We took our time and walked back to the tailors to pick up my oufits. I had been told to come back at 11:30. It was hot, humid, and sticky out. The tailor is a good 3-4 km away. We have to pass literally dozens and dozens of other tailors to get there. Then my clothes were not done! This was just a "fitting". I tried on one top and a pair of slacks in the "dressing room" which consists of a a metal hoop in the corner with a curtain you draw around yourself. It is impossible not to transfer the sticky wetness off of yourself to your brand new clothes. We had arrived past the time that they had told me to come back to pick them up so I was not a happy camper when I was told that I would have to come back again later for the other top and for the embroidery to get done. Luckily 2 of the Aussie girls came to try on their clothes (which also weren't entirely finished) but they were so delighted and perky about what they tried on that it was contagious. At least the delighted part. I'm not sure that I am capable of being perky anymore.

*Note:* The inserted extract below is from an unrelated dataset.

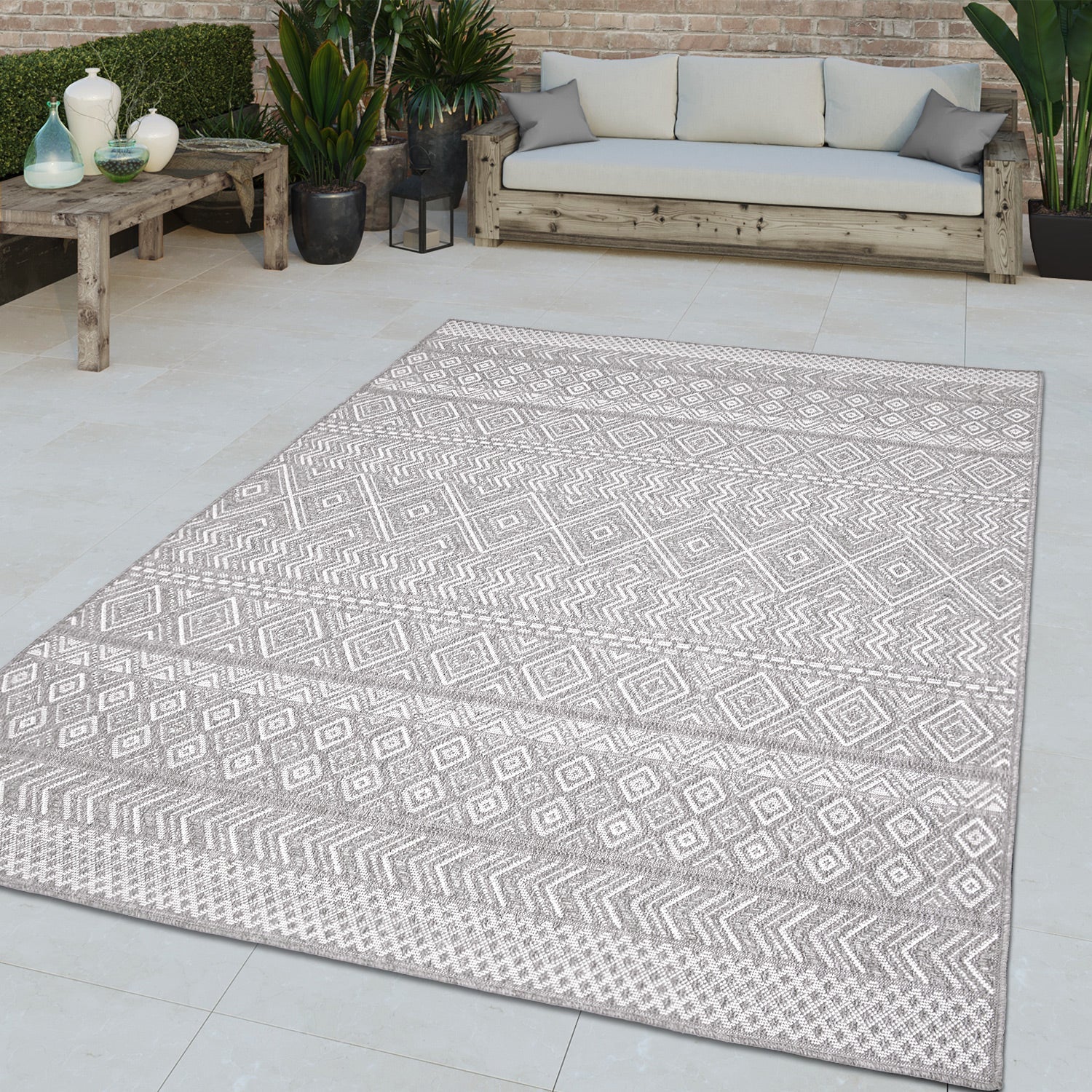 Outdoor Rug Vermont Stain-Resistant with Boho Pattern in Grey

Jeff and I walked back to the hotel. Chris was there and we decided to go back to town for a small lunch. We stopped at a tiny place on the riverfront and just had some appetizers since we were not very hungry. Jeff just had beer. Chris had peanut noodles for 40,000 dong that were quite basic but delicious. Lots of garlic, not so much peanut taste. I had fresh springrolls that were the best I've had so far for another 40,000 dong.

We slowly walked back through town. Jeff refuses to walk past the market again which is the most convenient way to get back to the hotel. I admit that it is a pretty stinky place. I didnt really have any expectations before I arrived here but Vietnam definately seems surprisingly dirty to me. The smells here are often, well, not so pleasant either. We stopped at a place on the riverfront away from the market. Jeff had another beer. i think that is how he is getting his calories in Asia. Chris and I had more mango shakes. The shakes are basically the fruit juice with a touch of sweetener if needed.

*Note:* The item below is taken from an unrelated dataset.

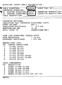 - Always use a “likely correct” cable to learn from. This presents negligible risk (no risk for single errors) of cable assemblies having the same “Cable Signature” even though the cables are different. It is always a good practice to save the learned “good” wire list to memory and to not learn an assembly each time you wish to test a run of cables. Another safe option is to print out the learned wire list and compare, line by line, the learned wire list to the saved wire list to confirm that each list is the same. (You may still compare signatures if you choose to manually inspect wire lists because our experience has been that people do miss differences much more often than once in 16,777,216 times).

After a short nap, reading and guitar playing we met the group at 7 in the lobby. Chris, Jeff and I decided not to go to dinner with everyone else in the hopes of finding better food and service. We had looked at a place earlier that is located right on the riverfront and has a beautiful setting so when we got back to the hotel we looked it up on Trip Advisor. It got mostly very good reviews but was also pricey. We decided to splurge and went back there.

The restaurant, Brothers, was beautiful at night. It is in a great setting right on the river and has gorgeous landscaping and lighting. We got a table outside by the river. The staff is fairly formal, very plentiful and very gracious. The presentation is exceptional. There is no rushing and hustling like most of the other places we have eaten. Everything is very leisurely. The prices were expensive. Less than Chicago but way more than anything we have seen here. The wonton appetizer was incredible but the food went downhill from there. All three of our entries were good but lukewarm and not as flavorful as we would have liked. All in all it was a decent experiment. Dinner ended up costing about $100 with the tip for the three of us including drinks. I thought that it was wrong for dinner to be so costly and have everything nickeled and dimed on the bill but the included service charge was only 5%. Of course we supplemented it but really if the restaurant is going to gouge us on everything else at least set the tip at 10%!

Hoi An is very beautiful at night. The dirtiness becomes invisible. It is lit up very nicely with many lanterns.

It turns out that we missed the full moon lantern festival that I was so looking forward to. I picked the right nights to be here for the full moon but didn't realize that they would hold the festival on the Friday night closest to the full moon. Oh well.

We went to bed early because I heard from the photographer and they will be picking us up at 5 for the sunrise fishing village photo class. I am a glutton for punishment.